No último dia 6, a Polícia Federal (PF) concluiu o segundo inquérito relacionado ao esquema de desvio de aposentados, resultando no indiciamento de seis pessoas, incluindo Alessandro Stefanutto, ex-presidente do INSS (Instituto Nacional do Seguro Social), que liderou a instituição durante o governo do presidente Lula (PT).
O primeiro inquérito já havia indiciado Stefanutto e outras 47 pessoas dentro das investigações da Operação Sem Desconto, que investiga um complexo esquema de descontos de valores mensais feitos a aposentados e pensionistas do INSS, com desvios que podem chegar a impressionantes R$ 6,3 bilhões.
De acordo com os relatos policiais, o esquema movimentou cerca de R$ 6 bilhões ao longo do tempo. Stefanutto, conforme as investigações, recebia propinas de R$ 250 mil por mês. A PF apurou a ocorrência de organização criminosa e inserção de dados falsos em sistema de informação, o que agrava ainda mais a situação dos envolvidos.

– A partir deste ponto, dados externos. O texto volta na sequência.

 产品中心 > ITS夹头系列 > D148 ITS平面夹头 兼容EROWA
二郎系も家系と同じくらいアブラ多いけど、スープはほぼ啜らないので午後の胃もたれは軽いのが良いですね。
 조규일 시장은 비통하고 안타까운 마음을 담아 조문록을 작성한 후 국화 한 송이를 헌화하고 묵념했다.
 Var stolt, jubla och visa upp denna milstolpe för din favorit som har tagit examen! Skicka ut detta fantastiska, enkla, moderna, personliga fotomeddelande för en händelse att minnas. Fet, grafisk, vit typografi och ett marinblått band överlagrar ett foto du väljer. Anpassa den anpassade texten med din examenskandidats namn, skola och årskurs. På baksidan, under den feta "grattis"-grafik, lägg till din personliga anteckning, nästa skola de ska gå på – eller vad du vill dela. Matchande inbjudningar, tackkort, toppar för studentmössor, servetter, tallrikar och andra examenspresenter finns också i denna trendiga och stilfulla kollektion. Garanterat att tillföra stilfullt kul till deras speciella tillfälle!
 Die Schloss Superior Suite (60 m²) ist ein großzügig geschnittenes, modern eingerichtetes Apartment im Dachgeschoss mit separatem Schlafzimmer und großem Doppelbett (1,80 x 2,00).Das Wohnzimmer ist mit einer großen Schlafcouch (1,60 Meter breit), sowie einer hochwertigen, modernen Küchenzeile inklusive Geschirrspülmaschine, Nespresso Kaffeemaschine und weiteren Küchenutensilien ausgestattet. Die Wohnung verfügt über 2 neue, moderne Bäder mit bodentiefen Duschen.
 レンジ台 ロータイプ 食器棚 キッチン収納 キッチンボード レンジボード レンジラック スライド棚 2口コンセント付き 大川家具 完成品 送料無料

Detalhes do Primeiro Inquérito
O relatório de 839 páginas referente ao primeiro inquérito da PF foi divulgado em 14 de julho. Neste documento, Alessandro Stefanutto era identificado como “italiano” e encontrava-se frequentemente nas agendas de contatos dos demais participantes do esquema fraudulento. Além disso, mensagens de texto evidenciam sua participação ativa no tráfico de informações sobre os pagamentos e confirmações de recebimentos de propinas.
A PF destacou que:
“ALESSANDRO ANTONIO STEFANUTTO (‘Italiano,’ ex-Procurador-Geral e Presidente do INSS): Recebia até R$ 250.000,00 mensais, totalizando R$900.000,00 via STELO ADVOGADOS, além de outros montantes via DELICIA ITALIANA PIZZAS e MOINHOS IMOBILIARIA”.
Uma das evidências do relatório revela que, em 8 de janeiro de 2025, um operador enviou uma captura de tela de uma conversa com um intermediário responsável por receber os pagamentos de Stefanutto. Nessa conversa, o operador mencionou que o valor do pagamento mensal do INSS “já deve estar na conta” e prometeu enviar “os dados bancários” posteriormente.

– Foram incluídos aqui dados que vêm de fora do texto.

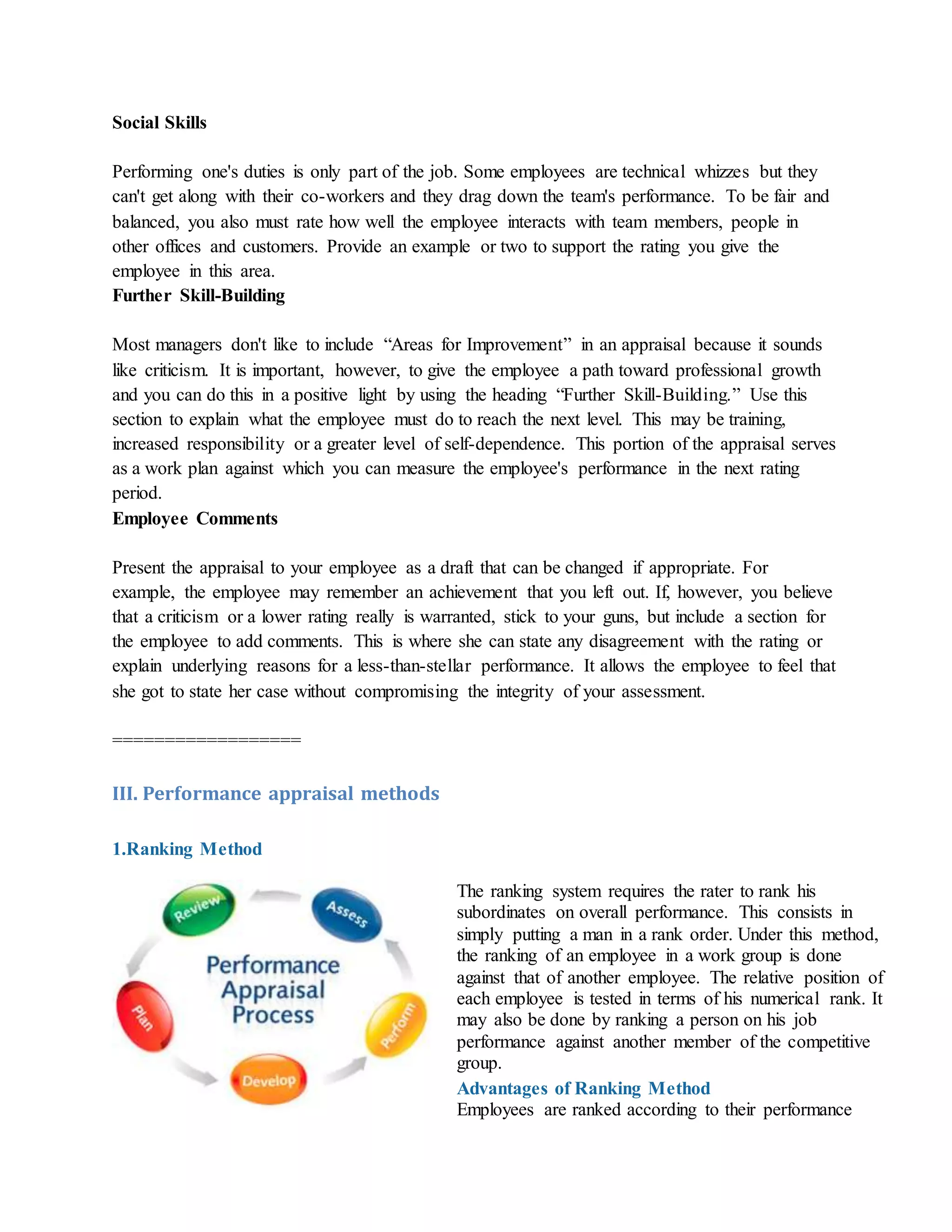 The document provides an overview of performance appraisals, including methods, preparation tips, and criteria for assessing employee performance. It emphasizes the importance of honest evaluations that differentiate between strong and weak performers, as well as offering opportunities for professional growth. Various appraisal methods are discussed, including ranking, rating scale, checklist, critical incidents, essay method, and behaviorally anchored rating scales, each with its advantages and limitations.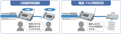 ひかり電話1契約で同時に2回線分の通話ができるので、電話とFAXの同時利用ができます。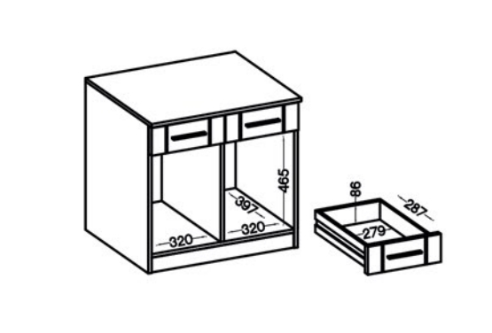 šířka 69 cm, 2 dvířka, 2 zásuvky, 2 police, více barevných variant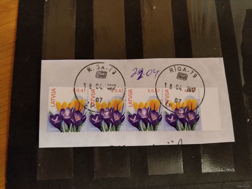 2014 Латвия флора цветы Мих 883 оценка 4 евро на вырезке с четким гашением (5-6)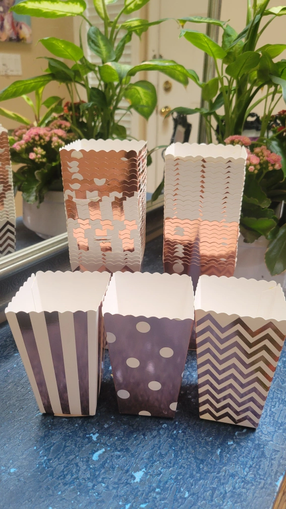 A set of high quality popcorn or treat boxes with assorted designs! Great for parties, movie nights at home, birthday, wedding etc. They come in a variety of patterns including stripes, polka dots, and zigzags size 3x3x4.75 height in inches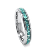 "Celestial Aqua" Aquamarine Birthstone Silver Tungsten Wedding Band for Women-4mm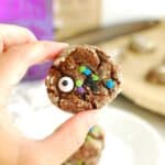 Halloween baking that’s festive and approachable? Yes, please! This recipe has no specialty ingredients, just your standard pantry staples (plus some optional decorating ingredients like sprinkles or edible eyeballs). The result is a chewy, crackled cookie that’s got some brownie-ish vibes, with hints of pumpkin spice flavor intertwined with the cocoa in each bite.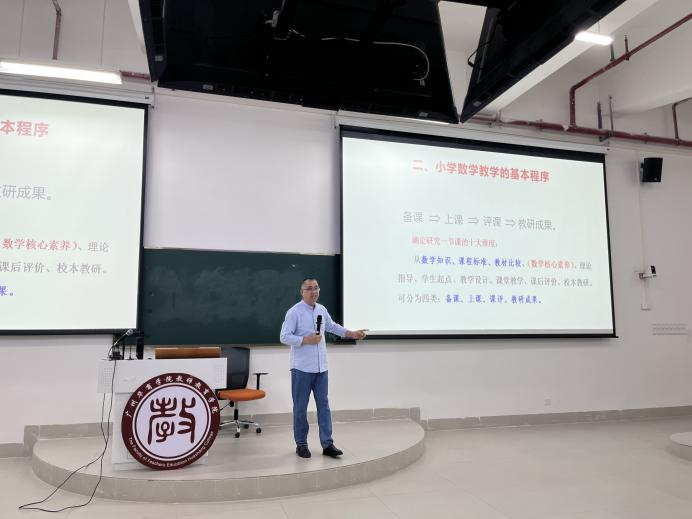 为了帮助师范生深入理解教材,掌握教材编写的理念与特点,学习如何有效地运用教材进行教学设计,并提升自身专业素养和教育教学能力,2024年5月16日至17日,广州华商学院教师教育学院在肇庆校区16号楼212举行“关于小学数学教材研究”讲座。莅临本次讲座的嘉宾有廖运章教授、王符教授和赵中宝老师,本次讲座的主讲人是廖运章教授,讲座由赵中宝老师主持,教师教育学院2022级和2023级学生参加此次讲座。

Em 08 de setembro de 2022, por exemplo, o operador fez o seguinte pedido: repassou o contato do STEFANUTTO / ITALIANO ao intermediário e solicitou que ele fizesse “contato com esse procurador”, devendo “levar aquela encomenda” que inicialmente era de 100, mas que depois foi reduzida para “só 50”. As mensagens deixaram claro que o intermediário estava indo ao encontro do ITALIANO e havia uma expectativa quanto à separação do dinheiro orientado.
Frente ao Segundo Inquérito
No segundo inquérito, onde foram indiciadas mais seis pessoas, além de Stefanutto, a PF identificou outros envolvidos. Entre eles, figuram Virgílio Ribeiro, ex-procurador-geral do INSS; André Fidelis, ex-diretor do órgão; Aristides Veras dos Santos, ex-presidente da entidade; Thaisa Daiane, ex-secretária-geral da Contag; e Edjane Rodrigues Silva, ex-secretária de uma associação ligada ao caso.
O relatório do segundo inquérito será enviado à PGR (Procuradoria-Geral da República), que aguardará decisão sobre se arquiva ou se apresenta denúncia contra os indicados.
Em declaração à CNN, o advogado Fabrício Reis Costa, que defende Alessandro Stefanutto, disse ainda não ter acesso aos detalhes do inquérito e à integralidade dos documentos que levaram ao novo indiciamento. Ele defende que seu cliente “jamais praticou qualquer ato ilícito” enquanto ocupava suas funções públicas e acredita que uma análise mais detalhada dos autos deixará evidente a ausência de condutas criminosas atribuíveis a Stefanutto.